There’s people out there turning music into gold
Somehow I don’t see “Bitcoin Dust Woman” quite cutting it do you?
Why is this happening?
If you follow the advice of go west young (wo)man then you have a long journey as the real pressure is to be found in the East. Let us first take a stop over in India where the Demonetisation debacle continues. From LiveMint.
Mumbai: Demonetisation has boosted the digital platforms for payment, which has helped the National Payments Corporation’s (NPC) RuPay card usage at merchant terminals soar seven times since 8 November, taking the daily volumes to over 2.1 million.
As we look at the ongoing issue it is not hard to see the motivation for people wanting to escape the Indian monetary system entirely and thus moving towards currencies like Bitcoin. As I pointed out on November 11th.

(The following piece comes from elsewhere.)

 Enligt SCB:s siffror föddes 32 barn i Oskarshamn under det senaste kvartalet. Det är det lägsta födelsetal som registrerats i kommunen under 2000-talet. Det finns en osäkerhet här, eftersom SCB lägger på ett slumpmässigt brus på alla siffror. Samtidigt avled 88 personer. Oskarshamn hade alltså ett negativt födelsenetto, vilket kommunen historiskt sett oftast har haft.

We can expect the traditional Indian love of gold to be boosted by this and maybe also non-government electronic money like Bitcoin.
Although of course many were left out.
It has made it harder to buy vegetables and rice, and hire rickshaws. And, for hundreds of millions of Indians who work in the informal economy, it has brought commerce to a halt. If there is a well-laid plan to mitigate the impact of this surprise crackdown on “black money”, it has yet to reach rural parts, where few Indians have bank accounts or credit cards.

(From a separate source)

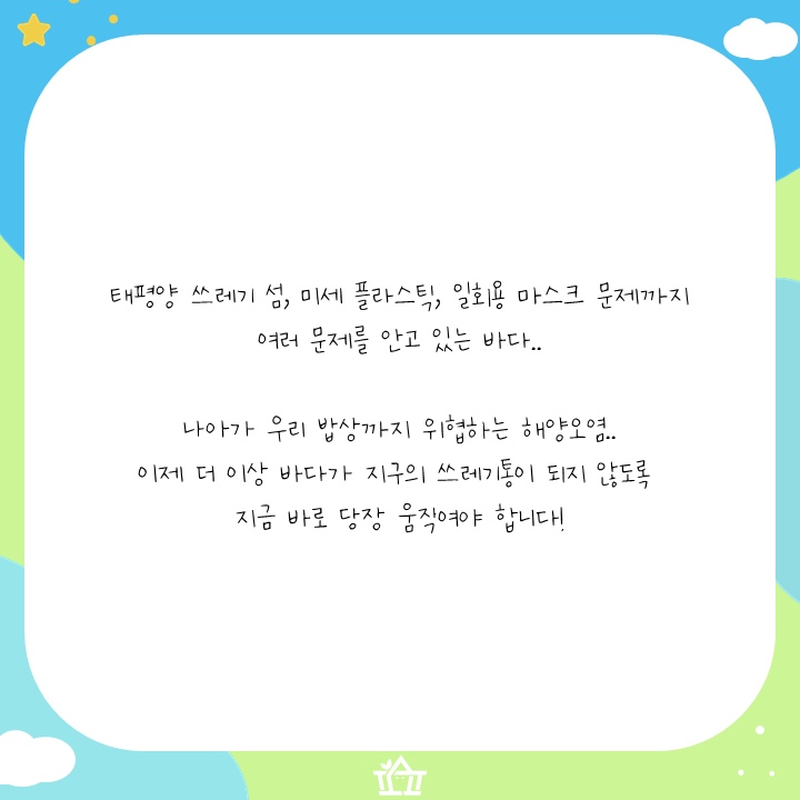 이제 더 이상 바다가 지구의 쓰레기통이 되지 않도록

Here is a link to the details of Demonetisation.
There have been signs of creaking from the Chinese monetary system as estimates of the actual outflow of funds from China seem to be around double the official one. Oops! If we move to this morning there are other signals to be found. From the Wall Street Journal.
The yuan dropped 7% against the dollar this year…….

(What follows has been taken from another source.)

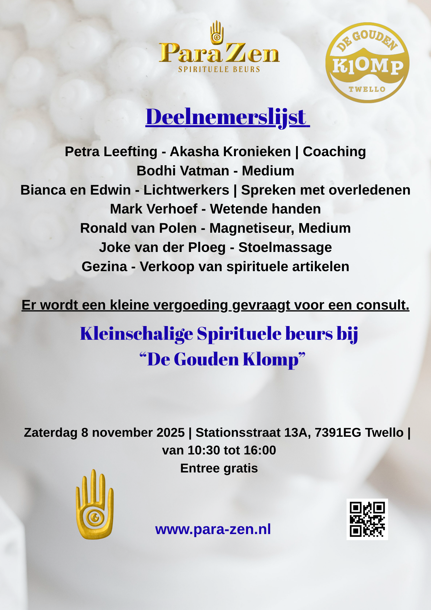 Bij ParaZen komen licht, energie en bewustwording samen. Ontmoet ervaren Lichtwerkers, Nieuwetijds- en Kindercoaches, Mediums, Paragnosten, Magnetiseurs, Fotolezers, Ankh-behandelaars, en vele anderen.

Unlike other emerging markets that have mostly free-floating currencies such as Russia and Brazil, China hasn’t had a chance to find its bottom. Chinese investors, therefore, act as if more depreciation is coming, sending money overseas.
The People’s Bank of China is increasingly replacing deposits and indeed finance in the banking system in a move that has not gone so well for us western capitalist imperialists. But the fundamental point here is that with such a large flow of funds ongoing we see two clear effects. The first is the rise in the Bitcoin price as it would take only a minor proportion of the move to put it in a boom and the second is that the world financial system looks unstable one more time.
Negative Interest-Rates in the UK
One of the forecasts for 2017 will no doubt be for higher bond yields. After all it has to be right one year! But more seriously if we just look at the UK something else is in play and it covers a few areas. It started with this before Christmas. From Bloomberg on December 16th.
The U.K. Treasury sold one-month bills at an average negative yield for the first time ever on Friday, with investors bidding for more than seven times the amount on offer,
That got worse just before Christmas and today a former respondent on here Shireblogger who now contacts me on Twitter pointed out this.
UK gilts just hit a record low 2 year yield at 3.3 bps. ( @bondvigilantes )
What we find ourselves observing is a safe haven problem of sorts as @NelderMead points out.
a year end desperation for collateral. QE creates the priv deposits & takes away the collateral to back ’em
Another “side effect” of the “Sledgehammer” of Andy Haldane and Mark Carney. Are they available for comment and I do not mean a diversion onto green issues?
So there you have it. After all the central planning and “reform” what we see are yet more signs of stress in the financial system. So much for certainty about 2017 as we expect inflation yet again in the use of the words “unexpected” and “surprise”.
I will be on after the 1 o’clock news today with quite a bit to discuss I think.